Save Yourself by Kelly Braffet is an interesting sort of contemporary novel. It’s difficult to describe; there are so many elements that come together to make this novel. The central character is Patrick, who is managing to get by. His life is a sad one; he has no real friends, and it’s clear that he has no future. He’s doomed to live and die in that small town, with everyone hating him. The reader will want him to get out, to find something better, but will also know that there’s little chance of that happening. Patrick is stuck, in every sense of the word.
Layla is another thought-provoking character in Save Yourself, though she’s a bit more difficult to like than Patrick. It’s clear that everything she does is a reaction to her parents.
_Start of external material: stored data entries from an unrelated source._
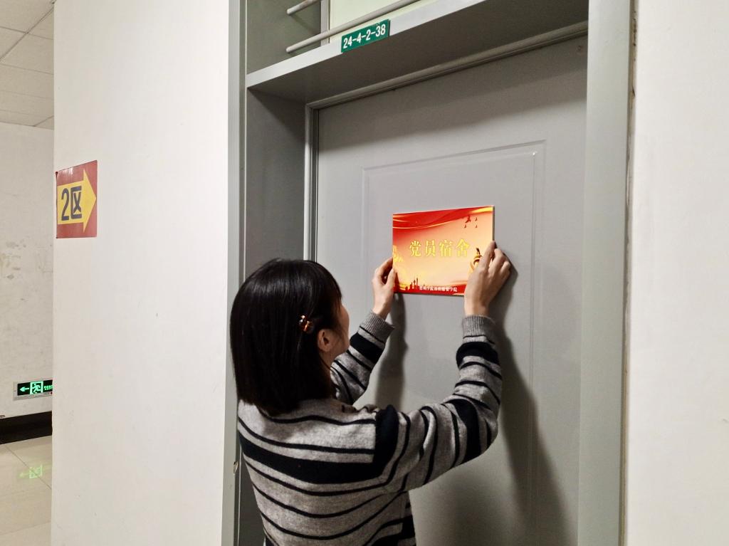 学生党员领取了大红色的“党员宿舍”挂牌,并郑重张贴于宿舍门上。“宿舍是我们重要的生活区,在宿舍亮出党员身份,接受同学监督,提醒我时刻注意自己的党员身份,随时随地严格遵守党的纪律和规范。同时也更好地督促自己要明确责任意识、身份意识,在宿舍内做出表率,发挥党员的先锋模范作用,影响所在楼层,辐射整个学院。”学生党员李亚楠这样说道。
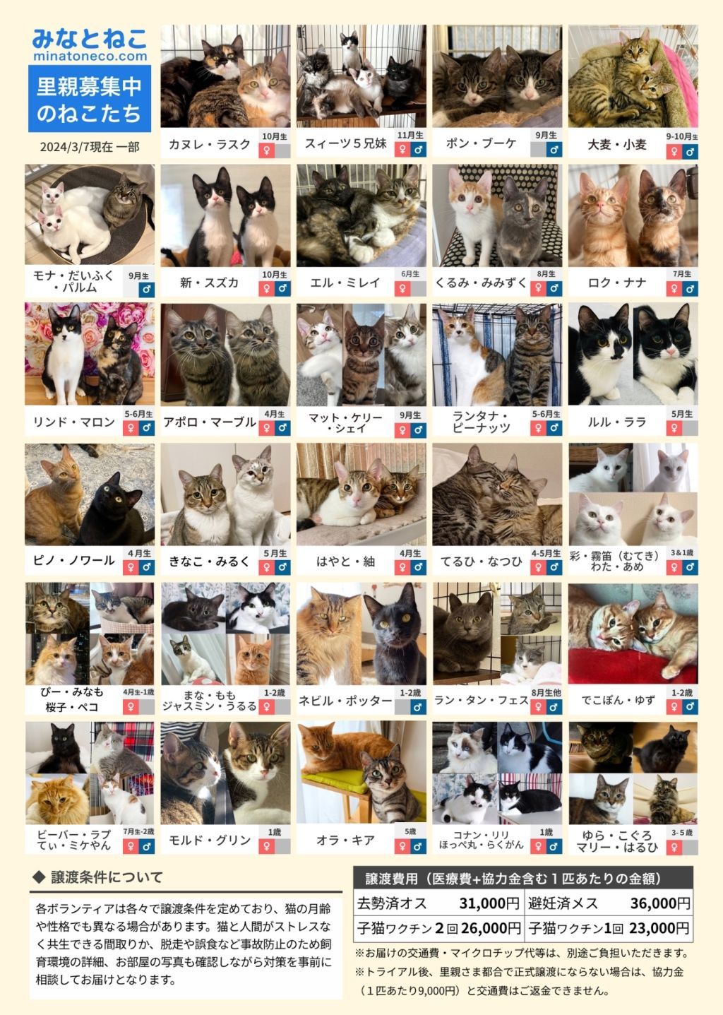 実際の参加予定猫 3/30(土)21:00までにみなとねこのHPやFacebookページでご紹介します
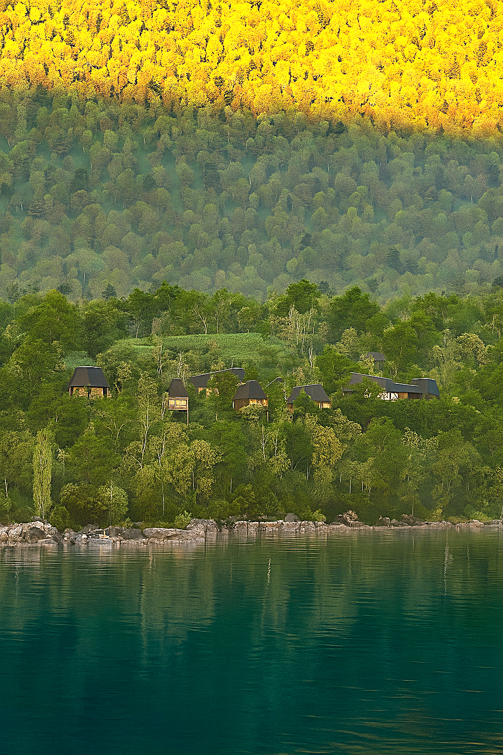 Требование заказчика заключалось в бережной интеграции комплекса в ландшафт (озеро – сакральное место для алтайцев), приватности размещения гостей и архитектурной выразительности без агрессии к природе.
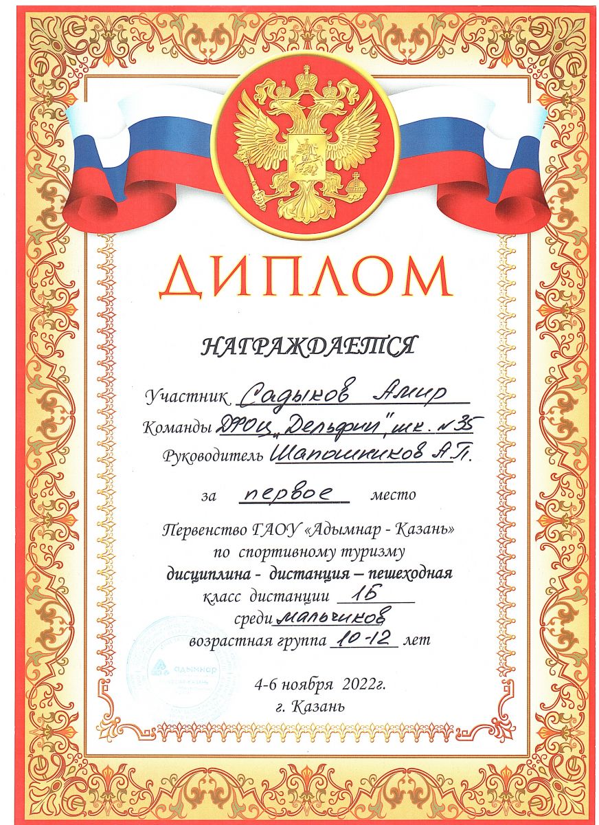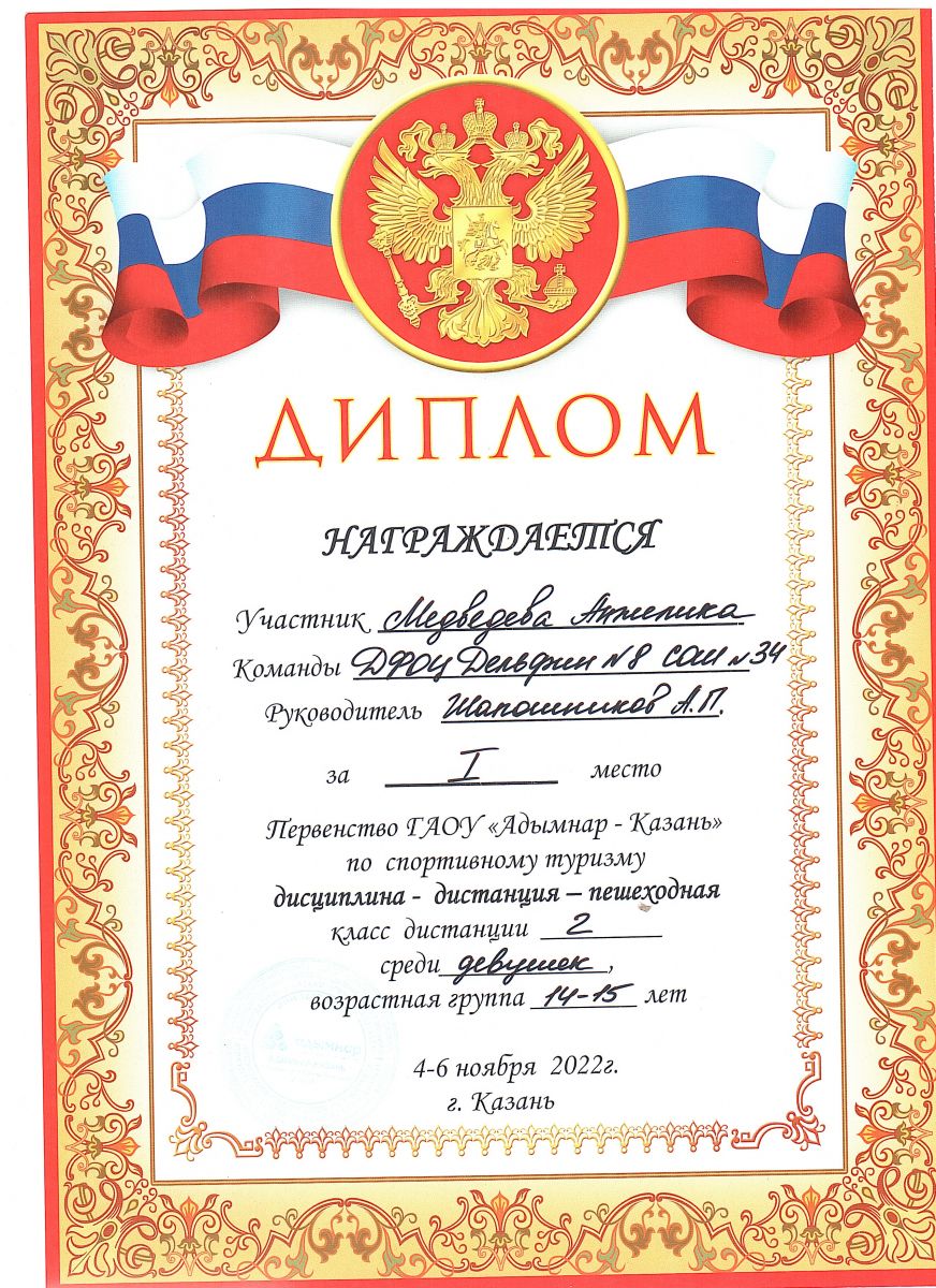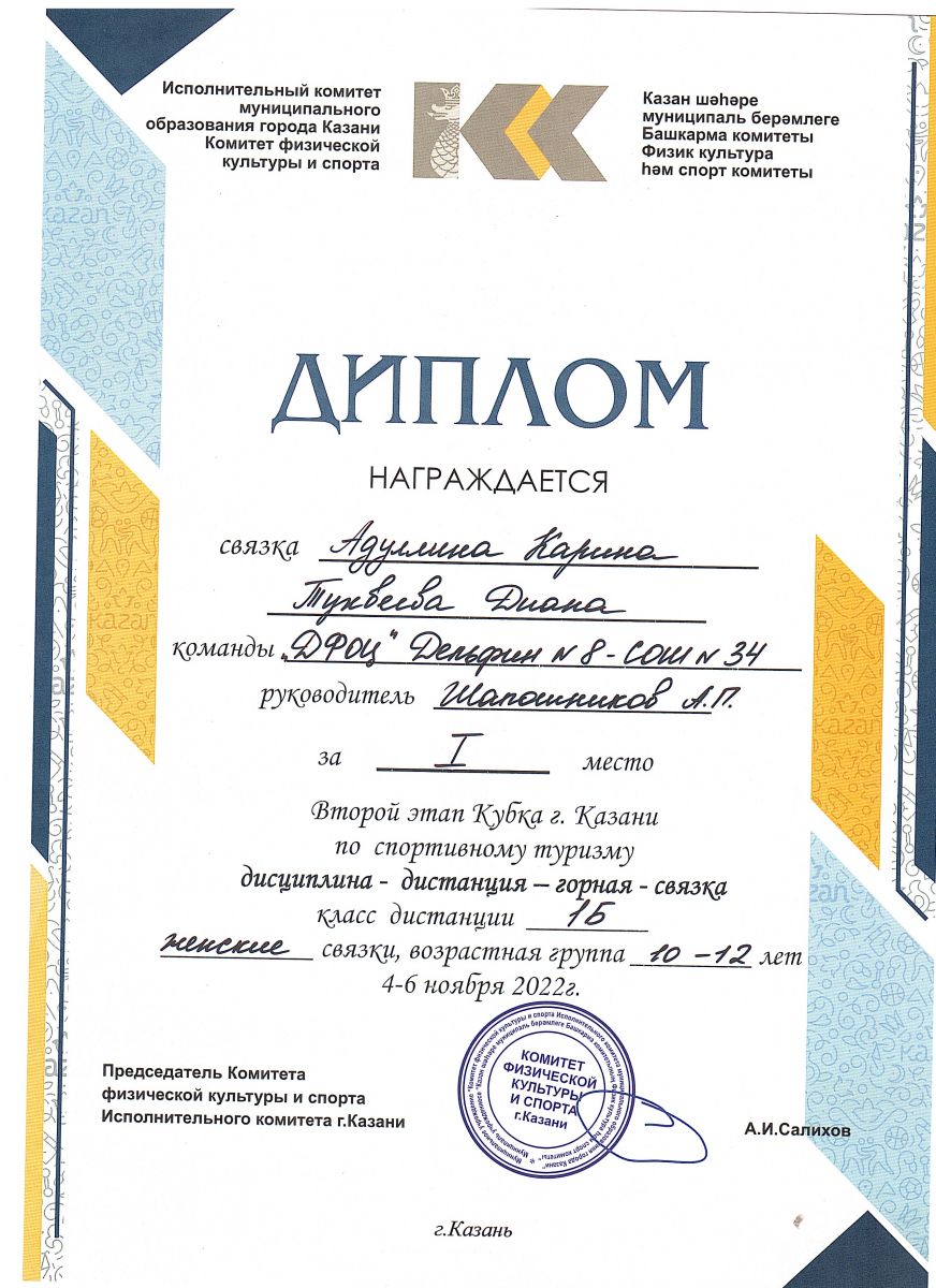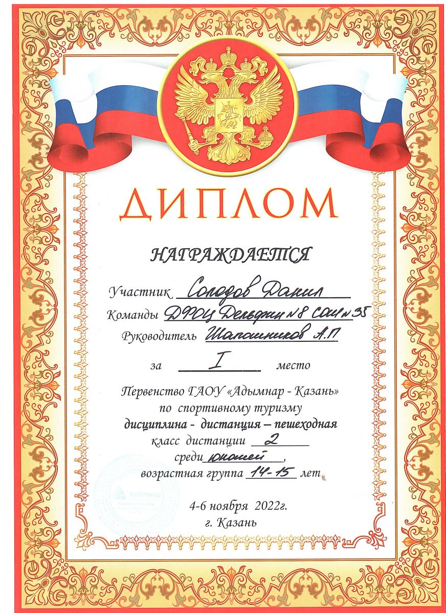 Адуллина Карина 1 место, Медведева Анжелика 1 место, Садыков Амир 1 место, Солодов Данил 1 место, Хорошев Владислав 1 место, Тухвеева Диана 2 место, Фурсова Карина 3 место, Команда ДФОЦ 3 место в Первенстве ГАОУ "Адымнар-Казань" по спортивному туризму (04-06.11.2022)
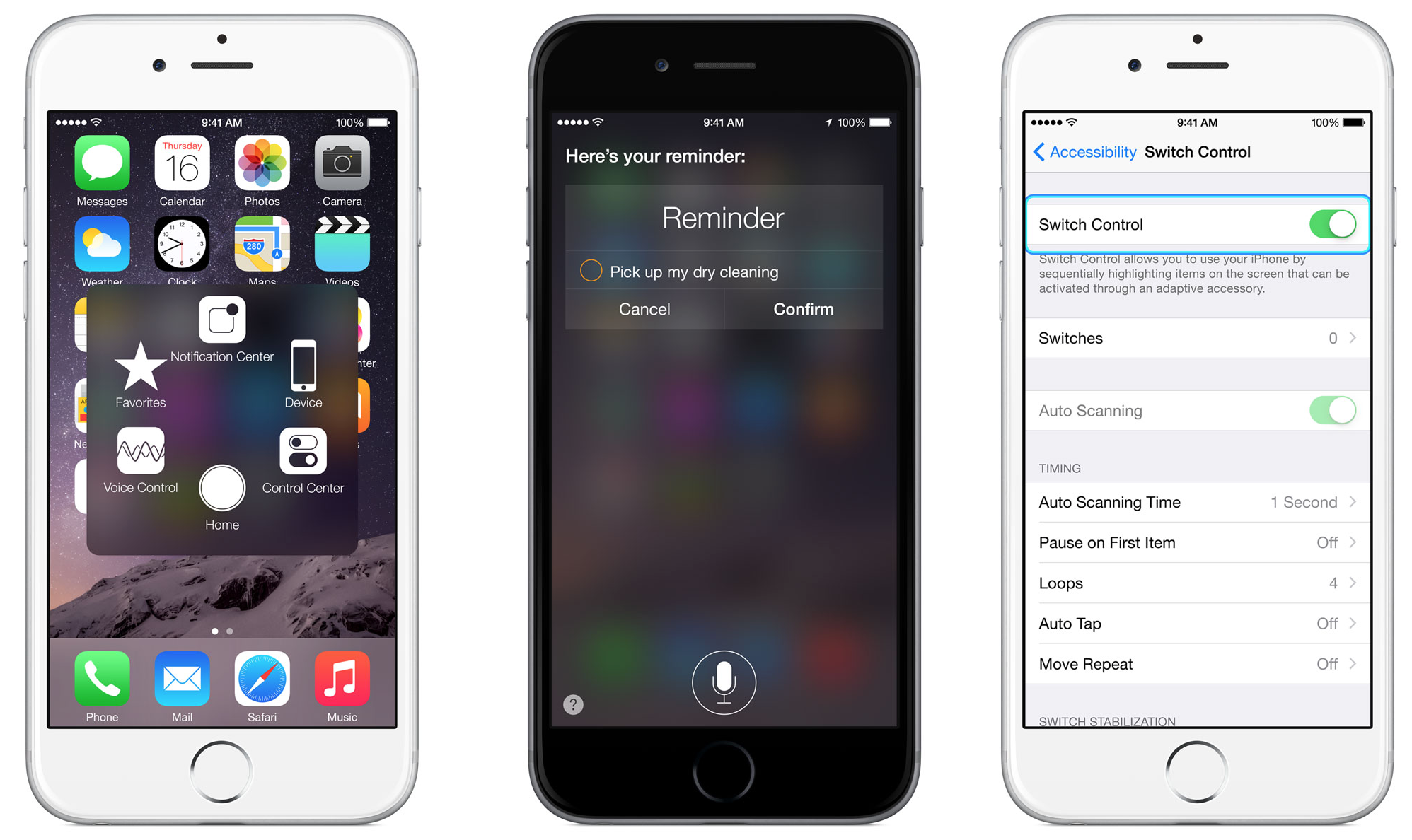 • Use iOS accessibility features like Zoom, Assistive Touch, and Stereo to Mono, as well as peripheral braille displays.
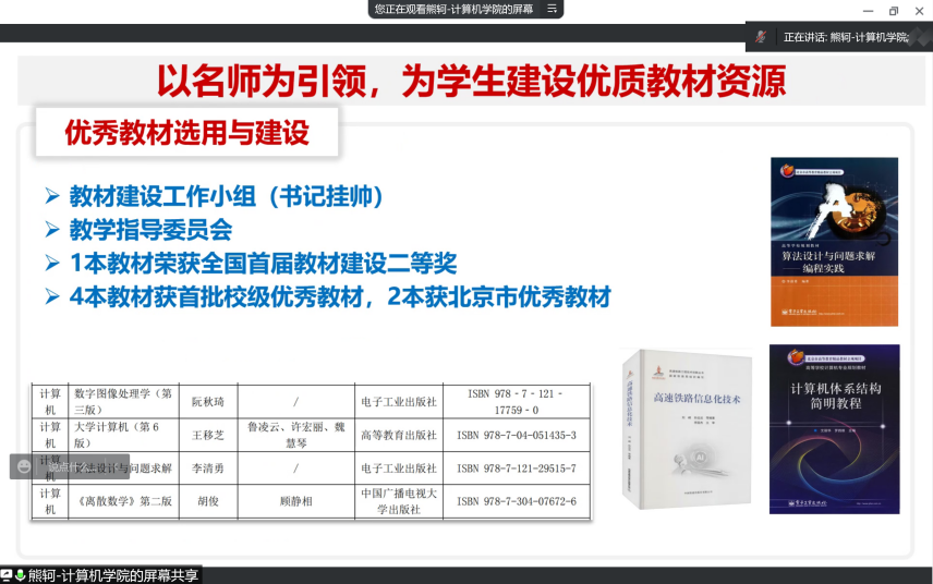 性爱直播 副院长熊轲受邀在本次大会做了题为“新工科背景下面向一流专业的优质资源建设”的主题报告。熊轲就我院在优质教学资源建设方面的理念、思路、举措、建设成效、所面临问题及未来的设想向到会嘉宾进行了介绍,并表明性爱直播 性爱直播 对教材等优质教学资源建设非常重视,期望借助“十四五”国家级教材规划和建设的大好时机,密切与出版社合作,在教材建设方面取得更好的成绩,为高等教育贡献更多的力量。熊轲的报告获得了到会嘉宾的一致好评。
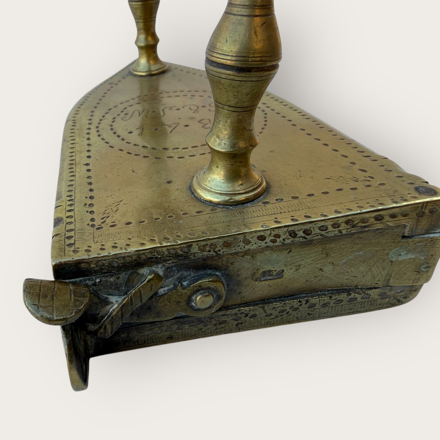 Messing, mit den Initialen des Besitzers und der Jahreszahl 1784 gekennzeichnet. Maße ca.: H x B x T 11 x 14 x 8 cm. *Guter gebrauchter Zustand*Lager: 1
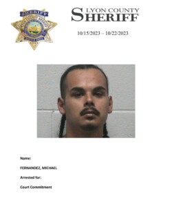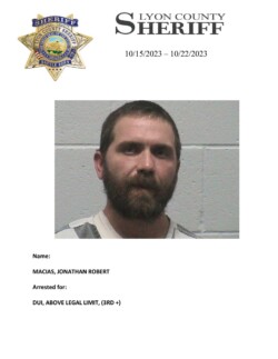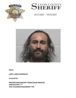 Lyon County, Nevada ~ For the week of October 15, 2023 through October 22, 2023, Lyon County Sheriff’s Office-Jail Division in Yerington recorded 28 bookings for charges listed with each person’s photograph.
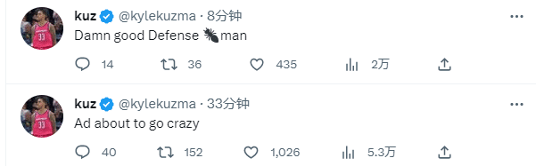 浓眉开场打得侵略性十足,第一节9分15秒,范德比尔特三分打铁不中,浓眉冲进内线欲隔扣唐斯,隔扣不进并且身体失衡倒地,浓眉险成功隔扣唐斯一幕引热议,美媒纷纷转发如此一幕,库兹马发推浓眉太疯狂了。
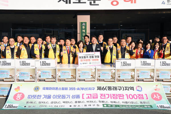 장준용 동래구청장은 “모두가 어려운 시기에 지역 주민 돌봄과 나눔에 관심을 가져주시는 국제라이온스협회355-A지구 제6지역 라이온스클럽에 진심으로 감사드린다”며 “겨울철 온기가 필요한 우리 구민 모두가 안전하고 따뜻한 겨울을 보낼 수 있도록 노력하겠다”고 전했다.
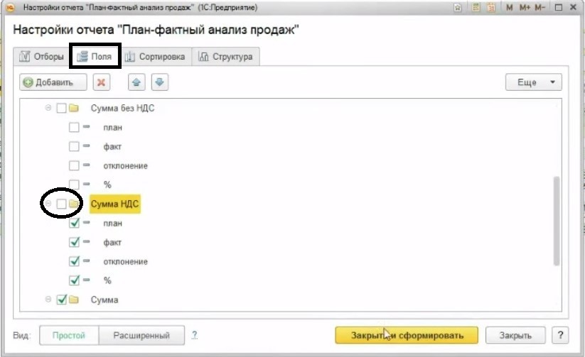 Если нужны данные без НДС, то через настройку группе «Поля» есть возможность включать и отключать различные колонки данных. Поэтому, когда вы отключите «Сумма НДС», в отчете не будет отражаться информация об НДС.
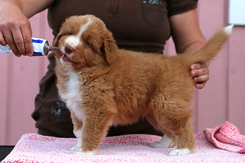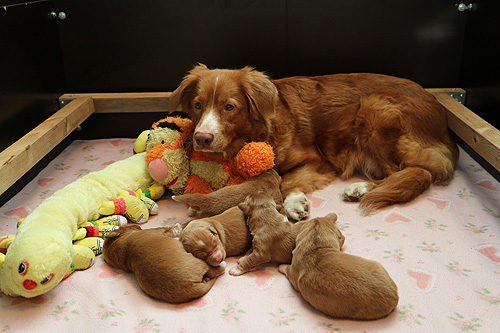 Ehkä meille jääkin sitten viimein se tolleriuros, mistä olen jo useita vuosia haaveillut, olin jo yhtä viittä vaille aikanaan varaamassa Kanadasta, mutta meni lopulta pupu pöksyyn ja jäi hankkimatta. Mikäs sen upeampi, kuin Estan ja Tristanin poika. Aika näyttänee mitä näistä muruisista kehittyy.
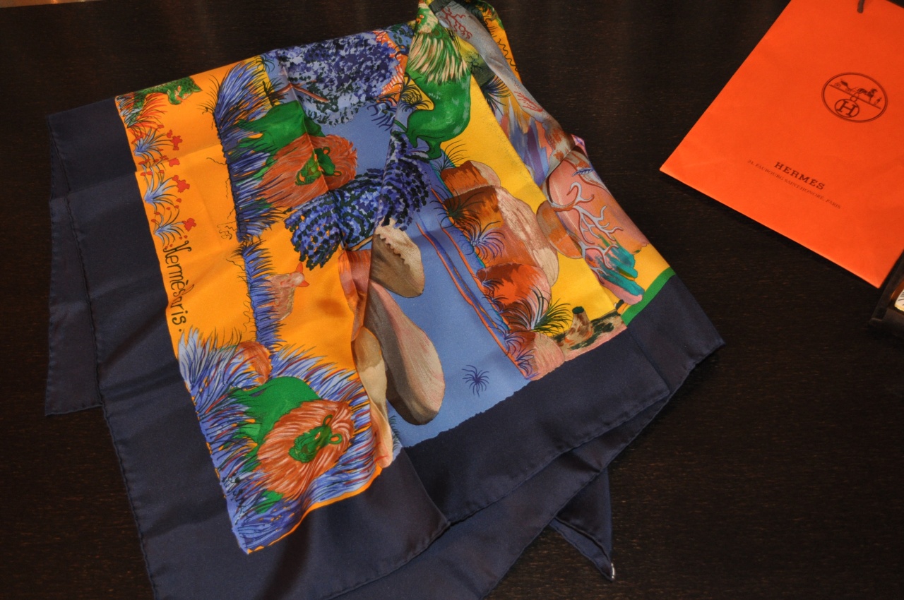 HERMES . шелковый платок - каре . 4 .

She’s in a lot of pain emotionally, and doesn’t know how to cope. Layla is suffocated by her conservative Christian family; she doesn’t share their beliefs and holds everything they do and think in contempt. It’s interesting, if sad, to see their dynamics, as well as to understand where Layla ends up.
It’s Verna, Layla’s little sister, who will really capture the reader’s heart in Save Yourself. She’s just entering high school, scared and unsure of herself. The amount of teasing and bullying she’s forced to endure is both frightening and heartbreaking. Braffet really makes this issue a centerpiece of her novel; as things get worse and worse for Verna, Layla, and Patrick, the reader knows that the story is building up to something, and it likely isn’t good.
These three different stories make up Save Yourself, and it’s very interesting. The book is difficult to read at times, just because it is so bleak and heartbreaking. These characters have no hope, and little realistic chance of getting out of their small, depressing town. It’s still worth reading, though, as Braffet writes realistic characters and deals with thought-provoking issues that will leave readers wondering long after the last pages are turned.